The model maintained by a central entity as envisaged above induces full knowledge of the world and the nodes the central entity monitors, controls, interacts and optimises.

A deployment of the above architecture consisting only of CSONE entities is illustrated the figure 32.

CSONE architecture of distributed control

Cognitive SON distributed architecture (as illustrated in the figure 33) Autonomous CE ^■ Network nodes have cognitive engine and functions collocated

CSONE distributed architecture facilitates distributed control performed by CSONE nodes each one:

- collecting measurements and statistics from environment - building the observation, transition, state-action, and interaction models of the world.

- deciding on actions based on its utility function

- interacts and negotiates with other nodes on joint actions that will result in an acceptable and optimal solution for all involved nodes.
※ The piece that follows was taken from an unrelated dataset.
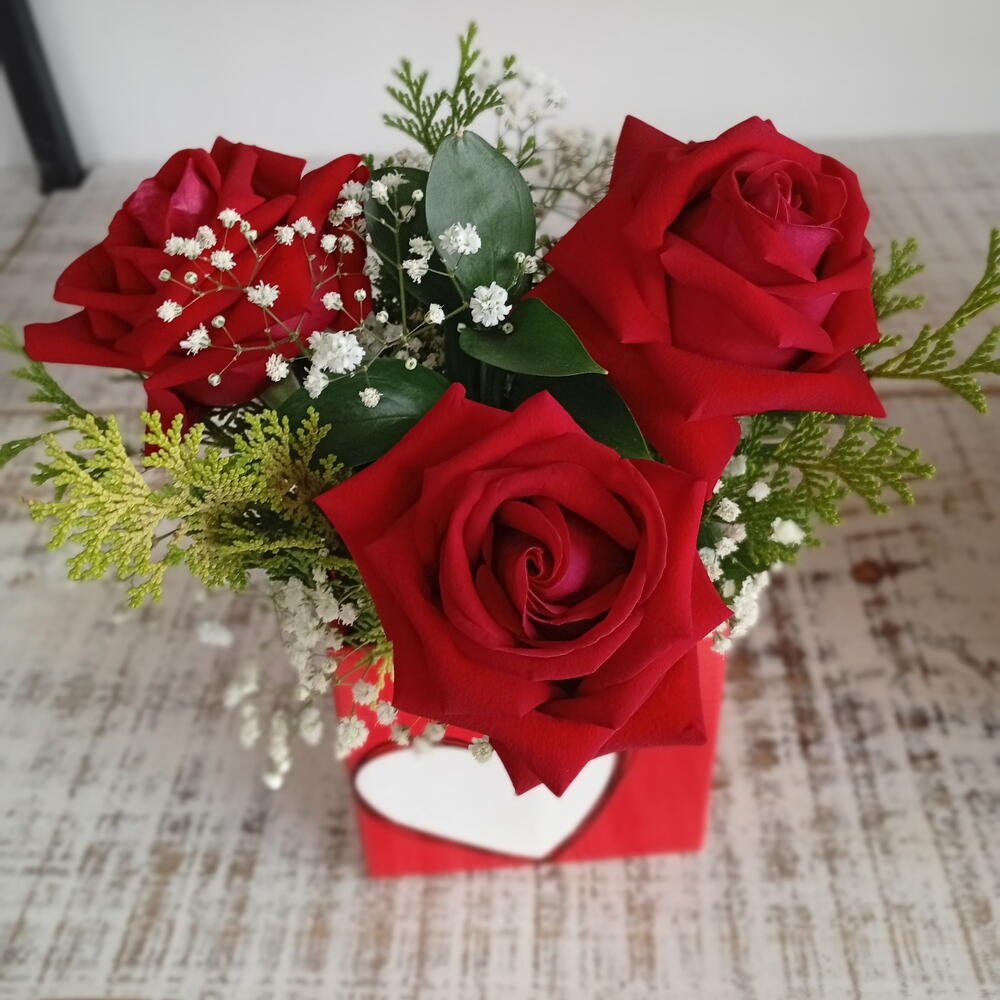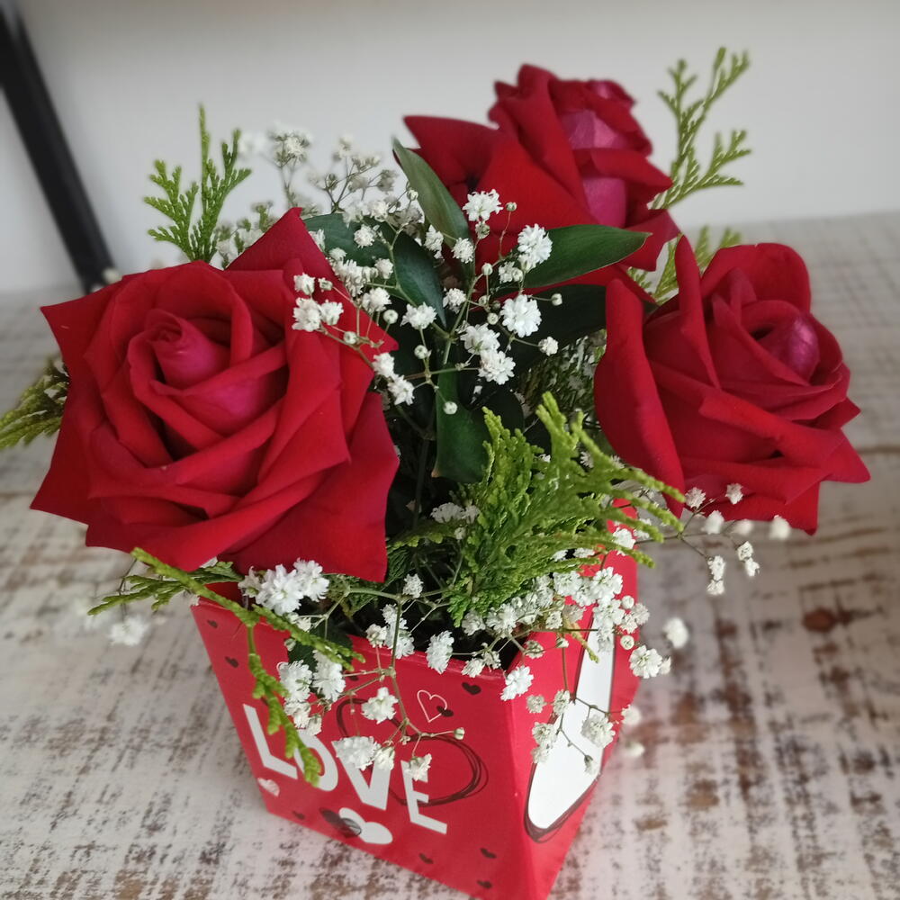 mosquitinhos - 1 un. box (caixa) - 1 un. tuia - 2 un. rosa importada colombiana - 3 un.

The model maintained by each entity implies partial knowledge of the world pertinent to the local environment of the entity i.e., the entity itself and the neighbours within reach. Working towards full knowledge requires information exchange by means of observations, state descriptions and statistics, action selection and evaluation and interactions.

A deployment of the above architecture consisting only of CSONE entities is illustrated in figure 34. CSONE Hybrid Architecture

Figure Hybrid 1 (Fig. 35): CSONE hybrid Architecture of central coordination Figure Hybrid 2 (Fig. 36): CSONE hybrid Architecture of distributed coordination Cognitive SON hybrid Architecture (as illustrated in the figures above) Many possible options □ central coordination Fig. Hybrid 1

□ Distributed coordination Fig. Hybrid2

□ Hierarchical structures or central and distributed coordination at each level of the hierarchy CSONE distributed architecture facilitates hierarchical structure of control that combines centralized control or distributed control at any level of hierarchy and any order. In case of central control at the root of the hierarchy the architecture is said to perform central coordination control as in fig. Hybrid 1. In case of distributed control is said to perform distributed coordination control as in fig. Hybrid 2.

The model maintained by an entity at higher level of the coordination hierarchy differs from that maintained by an entity at lower level in the level of abstraction. Models at higher level of hierarchy are closer to the management operation and models maintained by lower levels of abstraction are closer to the functional operation of networks or node functions. A deployment of the above architecture consisting only of CSONE entities is illustrated in figure 37.

Claims

1. A method of controlling a telecommunications network, the network comprising at least one device arranged for interaction as regards network configuration parameters, the method c h a r a c t e r i z e d i n that one or more key performance indicators of the telecommunications network, defining a (sub-) system state, are mapped onto revised operation parameters, provided a given set of operation parameters, wherein the revised operation parameters are determined in accordance with a dynamic action policy as determined in an optimization module classifying or differentiating (sub-)system states for specifying a mapping rule providing action control of the telecommunications network for one or more sets of states according to a recursive process learning from past mapping rules.

2. The method according to claim 1, wherein (sub-)system states or state- transitions are predicted or identified in accordance with the policy.

3. The method according to claim 1, wherein the dynamic action policy is determined by recursive learning.

4. The method according to claim 1, wherein the number of parameters required for specifying one or more states is determined dynamically by recursive learning.

5. The method according to claim 4, wherein parameter statics are collected on a recurrent basis in time and wherein the actual parameters required for specifying the one or more states are determined accordingly.

6. The method according to claim 4 or 5, wherein the learning is any of inductive learning or learning the rules out of observable facts, decision tree learning,

Bayesian learning, artificial neural network based learning or learning of control functions from known observations, instance-based learning or learning state function from similarities and differences between instances or learning by regression, and correlation or statistical learning; not excluding any combination thereof.

7. The method according to any of claims 1-3, wherein the learning is any of reinforcement learning, Q-learning or learning by exploration or exploitation; not excluding any combination thereof.

8. The method according to claim 1, the network comprising at least two devices, wherein the action comprised interaction between devices.

9. The method according to claim 1, wherein the interaction comprised configuration, instruction or setting of network operation parameters.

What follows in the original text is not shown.